Implications and Next Steps

These results suggest that the OpenAI Ada model might be a more suitable choice for tasks involving multiple languages or when semantic similarity is required across different languages.

SBERT, while not performing as well in this experiment, may still be suitable for tasks within a single language context, especially where fine-tuning capabilities are required.

However, it’s important to conduct further tests before concluding which model is most suitable. Such tests might include more metrics and larger datasets, and they should take into account the limitations and strengths of each model.

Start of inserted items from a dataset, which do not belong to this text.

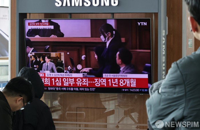 [서울=뉴스핌] 양윤모 기자 = 28일 오후 서울역 대합실을 찾은 시민들이 서울중앙지법 형사합의27부(부장판사 우인성)에서 진행되는 윤석열 전 대통령 부인 김건희 씨의 도이치모터스 주가조작과 명태균 공천개입, 통일교 청탁·뇌물 수수 의혹 혐의 등의 1심 선고 중계방송을 시청하고 있다. 재판부는 자본시장법 위반·알선수재·정치자금법 위반 등 혐의를 받는 김 여사에게 징역 1년 8개월과 추징금 약 1280만 원을 선고했다. 한편 재판부는 김 여사 혐의 중 도이치모터스 주가조작(자본시장법 위반), 명태균 여론조사(정치자금법 위반) 관련 혐의는 무죄로 판단했다.2026.01.28 yym58@newspim.com
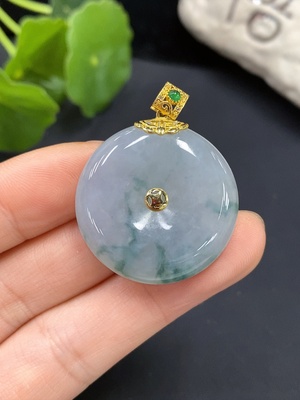 F12320361 Jadeite Safety Pendant with 18K Gold Bail
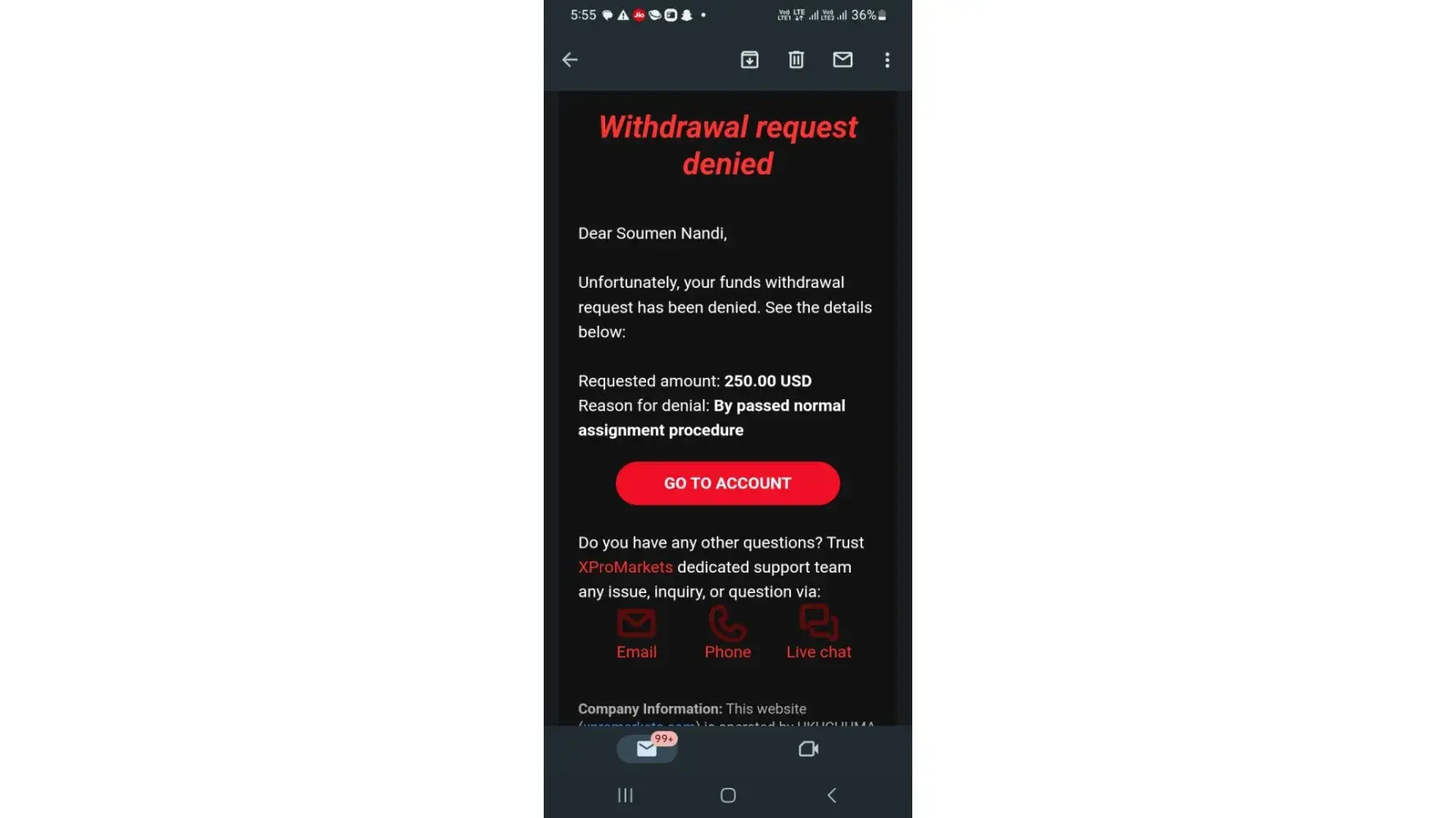 Xpromarkets mailed me about denial of withdrawal. But the amount doesn't not shown in my trading account balance.
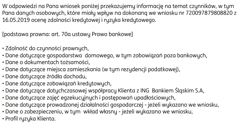 W odpowiedzi na wniosek o czynniki, w tym dane osobowe, które miały wpływ na ocenę zdolności kredytowej, ING wysłało autorowi tekstu poniższą informację:
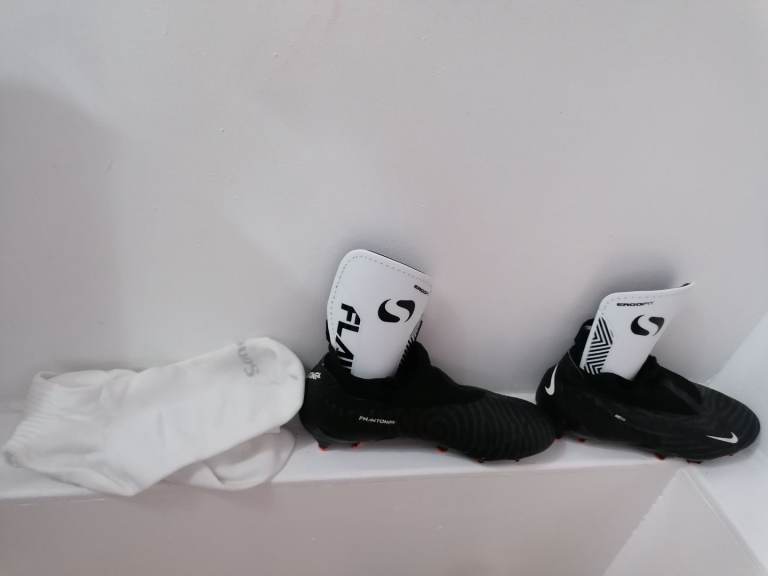 Nike phantom gx football boots, shin guards and socks
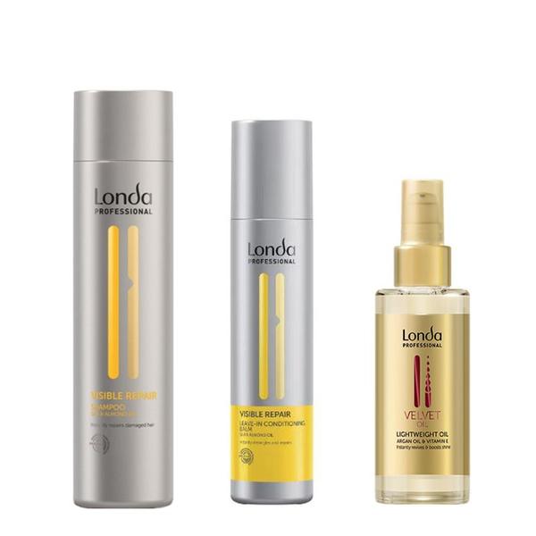 Pachet Reparator - Londa Professional Visible Repair: Sampon 250 ml, Balsam Leave-In 250 ml, Ulei Argan 30 ml:

In light of these results, we are interested in hearing the community’s thoughts and plans regarding contrastive training for cross-language samples. This kind of training, where the model is trained to bring semantically similar samples closer together in the embedding space and push dissimilar samples apart, could potentially improve performance on tasks involving multiple languages.

Please feel free to share your thoughts, ideas, and any plans you might have related to this topic.